Every line of the data, first to last, must be written out unchanged.

# # # # # # #

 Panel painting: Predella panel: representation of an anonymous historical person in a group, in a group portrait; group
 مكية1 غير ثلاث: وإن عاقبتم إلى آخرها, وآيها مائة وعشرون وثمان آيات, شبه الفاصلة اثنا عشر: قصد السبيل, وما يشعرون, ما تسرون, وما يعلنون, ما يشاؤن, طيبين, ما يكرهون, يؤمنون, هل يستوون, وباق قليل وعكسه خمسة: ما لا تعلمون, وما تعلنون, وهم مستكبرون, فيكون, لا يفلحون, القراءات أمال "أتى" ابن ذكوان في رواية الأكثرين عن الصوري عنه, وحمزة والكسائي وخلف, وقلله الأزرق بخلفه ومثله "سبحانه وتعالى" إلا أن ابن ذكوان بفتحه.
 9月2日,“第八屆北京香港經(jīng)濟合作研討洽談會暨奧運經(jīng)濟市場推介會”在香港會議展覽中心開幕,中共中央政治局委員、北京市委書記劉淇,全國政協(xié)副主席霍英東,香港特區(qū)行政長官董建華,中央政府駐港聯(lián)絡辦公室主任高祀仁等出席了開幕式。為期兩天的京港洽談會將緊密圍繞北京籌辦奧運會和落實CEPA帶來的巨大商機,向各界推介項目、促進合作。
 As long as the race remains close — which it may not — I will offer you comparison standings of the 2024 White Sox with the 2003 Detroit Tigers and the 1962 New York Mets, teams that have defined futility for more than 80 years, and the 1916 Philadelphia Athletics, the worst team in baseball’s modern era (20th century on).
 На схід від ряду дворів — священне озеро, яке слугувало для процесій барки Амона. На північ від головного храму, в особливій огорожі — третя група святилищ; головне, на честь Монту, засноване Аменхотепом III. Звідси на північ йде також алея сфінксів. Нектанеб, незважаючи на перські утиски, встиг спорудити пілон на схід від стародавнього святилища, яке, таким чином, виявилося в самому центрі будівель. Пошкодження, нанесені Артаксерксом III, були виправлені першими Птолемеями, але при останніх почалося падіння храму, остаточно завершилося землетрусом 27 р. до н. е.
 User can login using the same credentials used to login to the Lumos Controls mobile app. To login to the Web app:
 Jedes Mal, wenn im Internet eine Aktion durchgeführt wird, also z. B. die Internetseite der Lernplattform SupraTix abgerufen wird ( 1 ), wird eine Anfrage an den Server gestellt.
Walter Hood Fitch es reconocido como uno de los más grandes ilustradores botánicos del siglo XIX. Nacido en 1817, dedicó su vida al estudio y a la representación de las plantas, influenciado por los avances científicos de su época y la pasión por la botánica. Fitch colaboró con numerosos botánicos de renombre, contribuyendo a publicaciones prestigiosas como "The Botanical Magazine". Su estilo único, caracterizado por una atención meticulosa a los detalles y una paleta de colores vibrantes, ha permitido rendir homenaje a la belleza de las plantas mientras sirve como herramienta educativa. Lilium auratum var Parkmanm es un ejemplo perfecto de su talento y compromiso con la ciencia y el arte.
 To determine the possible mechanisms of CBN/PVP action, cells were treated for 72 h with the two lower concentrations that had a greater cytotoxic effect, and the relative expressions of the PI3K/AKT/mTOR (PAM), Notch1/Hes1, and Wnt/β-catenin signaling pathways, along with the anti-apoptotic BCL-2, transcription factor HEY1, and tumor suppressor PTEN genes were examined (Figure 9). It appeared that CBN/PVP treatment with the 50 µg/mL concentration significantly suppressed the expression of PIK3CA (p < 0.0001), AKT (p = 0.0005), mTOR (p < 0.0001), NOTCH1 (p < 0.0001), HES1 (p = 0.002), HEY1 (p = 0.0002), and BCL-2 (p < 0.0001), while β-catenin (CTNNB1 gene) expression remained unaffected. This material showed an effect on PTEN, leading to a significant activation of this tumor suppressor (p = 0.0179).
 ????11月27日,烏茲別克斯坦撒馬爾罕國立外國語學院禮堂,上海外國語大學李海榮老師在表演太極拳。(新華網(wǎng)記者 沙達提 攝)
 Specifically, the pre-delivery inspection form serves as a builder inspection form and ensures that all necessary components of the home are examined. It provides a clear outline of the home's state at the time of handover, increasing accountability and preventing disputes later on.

# # # # # # #

§ Answer below:
 Panel painting: Predella panel: representation of an anonymous historical person in a group, in a group portrait; group
 مكية1 غير ثلاث: وإن عاقبتم إلى آخرها, وآيها مائة وعشرون وثمان آيات, شبه الفاصلة اثنا عشر: قصد السبيل, وما يشعرون, ما تسرون, وما يعلنون, ما يشاؤن, طيبين, ما يكرهون, يؤمنون, هل يستوون, وباق قليل وعكسه خمسة: ما لا تعلمون, وما تعلنون, وهم مستكبرون, فيكون, لا يفلحون, القراءات أمال "أتى" ابن ذكوان في رواية الأكثرين عن الصوري عنه, وحمزة والكسائي وخلف, وقلله الأزرق بخلفه ومثله "سبحانه وتعالى" إلا أن ابن ذكوان بفتحه.
 9月2日,“第八屆北京香港經(jīng)濟合作研討洽談會暨奧運經(jīng)濟市場推介會”在香港會議展覽中心開幕,中共中央政治局委員、北京市委書記劉淇,全國政協(xié)副主席霍英東,香港特區(qū)行政長官董建華,中央政府駐港聯(lián)絡辦公室主任高祀仁等出席了開幕式。為期兩天的京港洽談會將緊密圍繞北京籌辦奧運會和落實CEPA帶來的巨大商機,向各界推介項目、促進合作。
 As long as the race remains close — which it may not — I will offer you comparison standings of the 2024 White Sox with the 2003 Detroit Tigers and the 1962 New York Mets, teams that have defined futility for more than 80 years, and the 1916 Philadelphia Athletics, the worst team in baseball’s modern era (20th century on).
 На схід від ряду дворів — священне озеро, яке слугувало для процесій барки Амона. На північ від головного храму, в особливій огорожі — третя група святилищ; головне, на честь Монту, засноване Аменхотепом III. Звідси на північ йде також алея сфінксів. Нектанеб, незважаючи на перські утиски, встиг спорудити пілон на схід від стародавнього святилища, яке, таким чином, виявилося в самому центрі будівель. Пошкодження, нанесені Артаксерксом III, були виправлені першими Птолемеями, але при останніх почалося падіння храму, остаточно завершилося землетрусом 27 р. до н. е.
 User can login using the same credentials used to login to the Lumos Controls mobile app. To login to the Web app:
 Jedes Mal, wenn im Internet eine Aktion durchgeführt wird, also z. B. die Internetseite der Lernplattform SupraTix abgerufen wird ( 1 ), wird eine Anfrage an den Server gestellt.
Walter Hood Fitch es reconocido como uno de los más grandes ilustradores botánicos del siglo XIX. Nacido en 1817, dedicó su vida al estudio y a la representación de las plantas, influenciado por los avances científicos de su época y la pasión por la botánica. Fitch colaboró con numerosos botánicos de renombre, contribuyendo a publicaciones prestigiosas como "The Botanical Magazine". Su estilo único, caracterizado por una atención meticulosa a los detalles y una paleta de colores vibrantes, ha permitido rendir homenaje a la belleza de las plantas mientras sirve como herramienta educativa. Lilium auratum var Parkmanm es un ejemplo perfecto de su talento y compromiso con la ciencia y el arte.
 To determine the possible mechanisms of CBN/PVP action, cells were treated for 72 h with the two lower concentrations that had a greater cytotoxic effect, and the relative expressions of the PI3K/AKT/mTOR (PAM), Notch1/Hes1, and Wnt/β-catenin signaling pathways, along with the anti-apoptotic BCL-2, transcription factor HEY1, and tumor suppressor PTEN genes were examined (Figure 9). It appeared that CBN/PVP treatment with the 50 µg/mL concentration significantly suppressed the expression of PIK3CA (p < 0.0001), AKT (p = 0.0005), mTOR (p < 0.0001), NOTCH1 (p < 0.0001), HES1 (p = 0.002), HEY1 (p = 0.0002), and BCL-2 (p < 0.0001), while β-catenin (CTNNB1 gene) expression remained unaffected. This material showed an effect on PTEN, leading to a significant activation of this tumor suppressor (p = 0.0179).
 ????11月27日,烏茲別克斯坦撒馬爾罕國立外國語學院禮堂,上海外國語大學李海榮老師在表演太極拳。(新華網(wǎng)記者 沙達提 攝)
 Specifically, the pre-delivery inspection form serves as a builder inspection form and ensures that all necessary components of the home are examined. It provides a clear outline of the home's state at the time of handover, increasing accountability and preventing disputes later on.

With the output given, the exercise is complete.